▸ **Provided data**
■ ■ ■

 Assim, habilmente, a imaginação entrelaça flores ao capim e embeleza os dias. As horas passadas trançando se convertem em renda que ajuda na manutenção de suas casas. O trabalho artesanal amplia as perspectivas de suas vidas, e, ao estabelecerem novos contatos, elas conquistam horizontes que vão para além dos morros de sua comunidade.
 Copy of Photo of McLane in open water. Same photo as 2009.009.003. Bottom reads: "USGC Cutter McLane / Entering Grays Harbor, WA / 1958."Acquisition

■ ■ ■

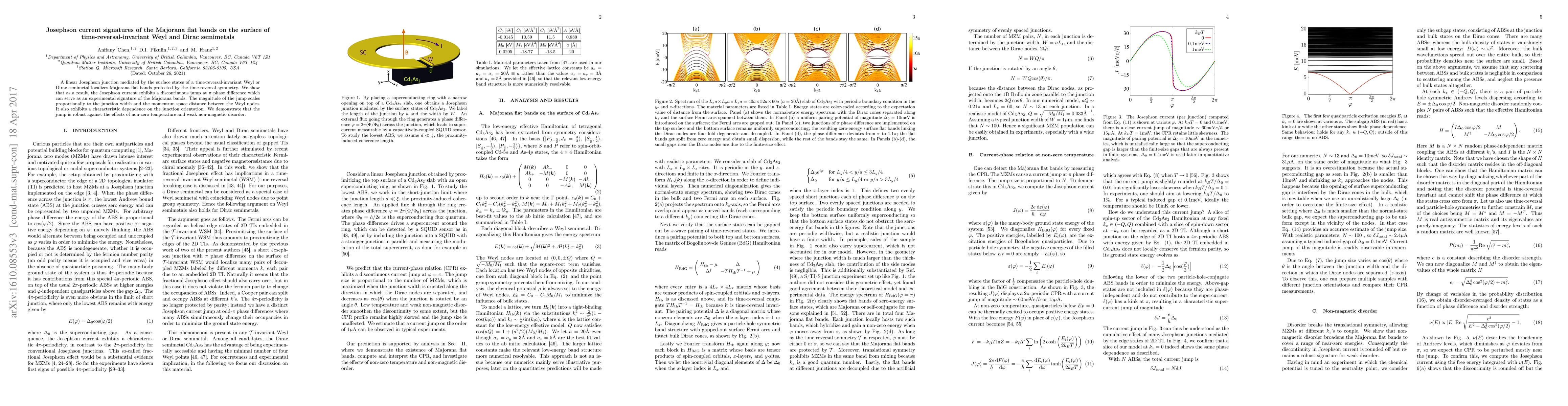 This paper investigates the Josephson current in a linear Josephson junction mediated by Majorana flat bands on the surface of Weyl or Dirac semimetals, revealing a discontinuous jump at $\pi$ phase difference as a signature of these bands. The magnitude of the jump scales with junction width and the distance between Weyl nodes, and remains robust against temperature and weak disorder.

■ ■ ■

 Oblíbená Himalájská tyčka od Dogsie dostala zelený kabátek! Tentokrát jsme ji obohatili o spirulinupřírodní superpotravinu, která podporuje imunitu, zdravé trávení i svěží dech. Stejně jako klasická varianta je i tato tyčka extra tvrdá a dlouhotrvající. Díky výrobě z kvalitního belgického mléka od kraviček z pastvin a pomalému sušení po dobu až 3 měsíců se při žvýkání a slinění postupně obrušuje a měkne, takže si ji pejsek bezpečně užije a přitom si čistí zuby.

■ ■ ■

▸ **Assigned task**
Print only what lies in the material above starting at the line with "Assim, habilmente, a" and ending at the line with "Copy of Photo", every line exactly as given.

▸ **Answer to this problem**
 Assim, habilmente, a imaginação entrelaça flores ao capim e embeleza os dias. As horas passadas trançando se convertem em renda que ajuda na manutenção de suas casas. O trabalho artesanal amplia as perspectivas de suas vidas, e, ao estabelecerem novos contatos, elas conquistam horizontes que vão para além dos morros de sua comunidade.
 Copy of Photo of McLane in open water. Same photo as 2009.009.003. Bottom reads: "USGC Cutter McLane / Entering Grays Harbor, WA / 1958."Acquisition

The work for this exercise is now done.